_Recorded information_
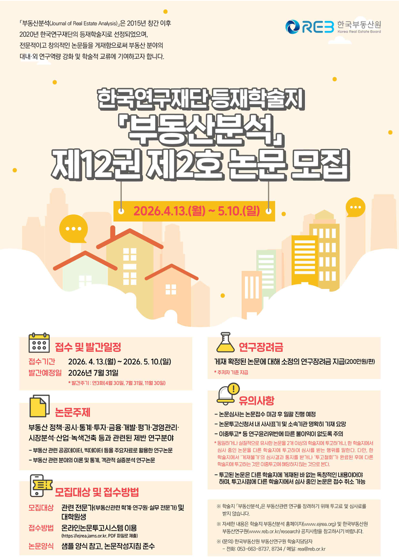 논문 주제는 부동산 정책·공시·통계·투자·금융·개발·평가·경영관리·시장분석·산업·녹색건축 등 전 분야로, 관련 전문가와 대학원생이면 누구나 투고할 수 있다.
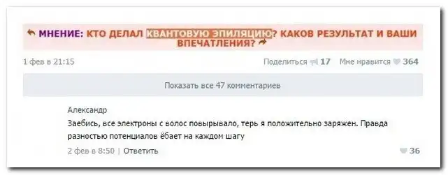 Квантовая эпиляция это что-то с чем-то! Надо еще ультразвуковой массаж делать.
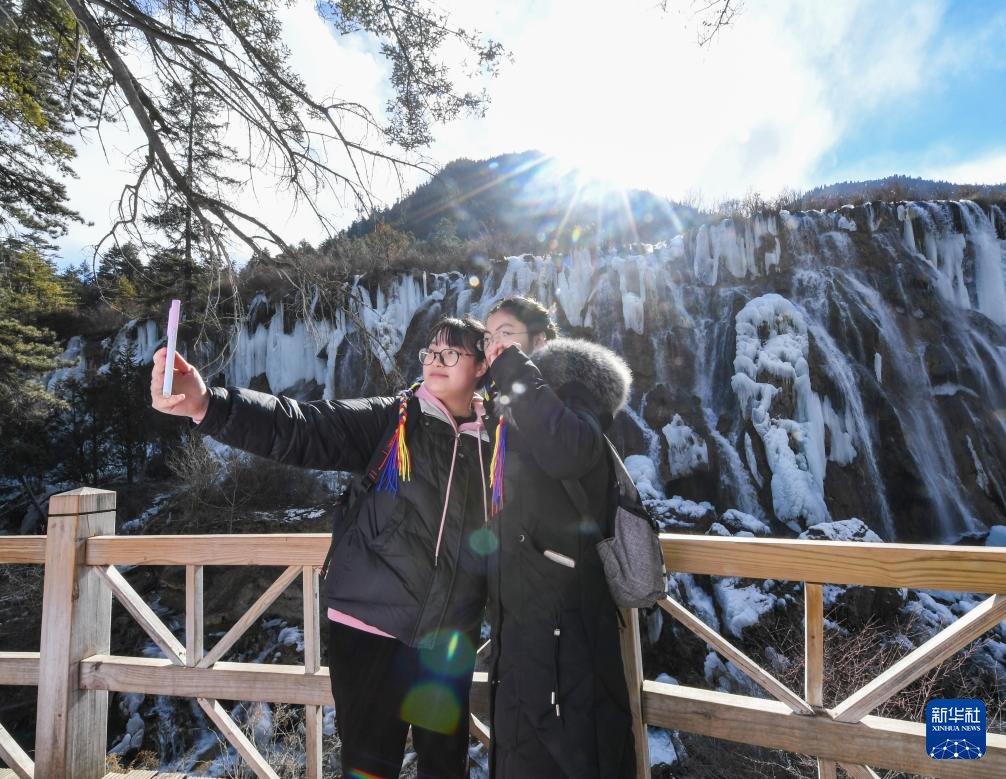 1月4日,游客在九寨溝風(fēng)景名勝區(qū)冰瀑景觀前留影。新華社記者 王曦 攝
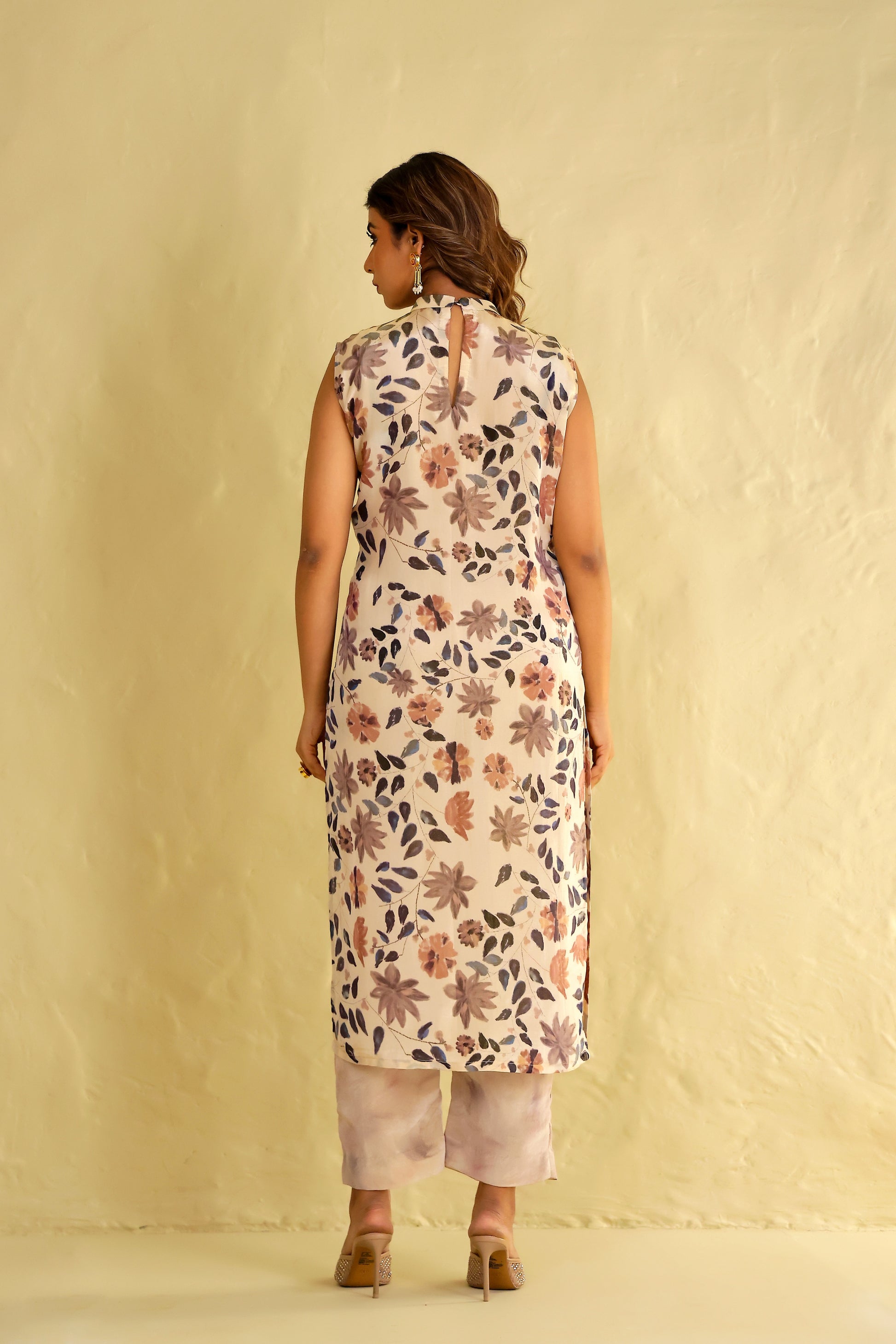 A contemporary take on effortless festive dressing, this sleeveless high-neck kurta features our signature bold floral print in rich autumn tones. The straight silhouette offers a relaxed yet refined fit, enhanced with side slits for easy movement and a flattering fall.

_Assigned task_
Final stretch of the data: repeat exactly each line from the one containing "Квантовая эпиляция это" through the last, and omit all pictures.

_Answer to the problem_
 Квантовая эпиляция это что-то с чем-то! Надо еще ультразвуковой массаж делать.
 1月4日,游客在九寨溝風(fēng)景名勝區(qū)冰瀑景觀前留影。新華社記者 王曦 攝
 A contemporary take on effortless festive dressing, this sleeveless high-neck kurta features our signature bold floral print in rich autumn tones. The straight silhouette offers a relaxed yet refined fit, enhanced with side slits for easy movement and a flattering fall.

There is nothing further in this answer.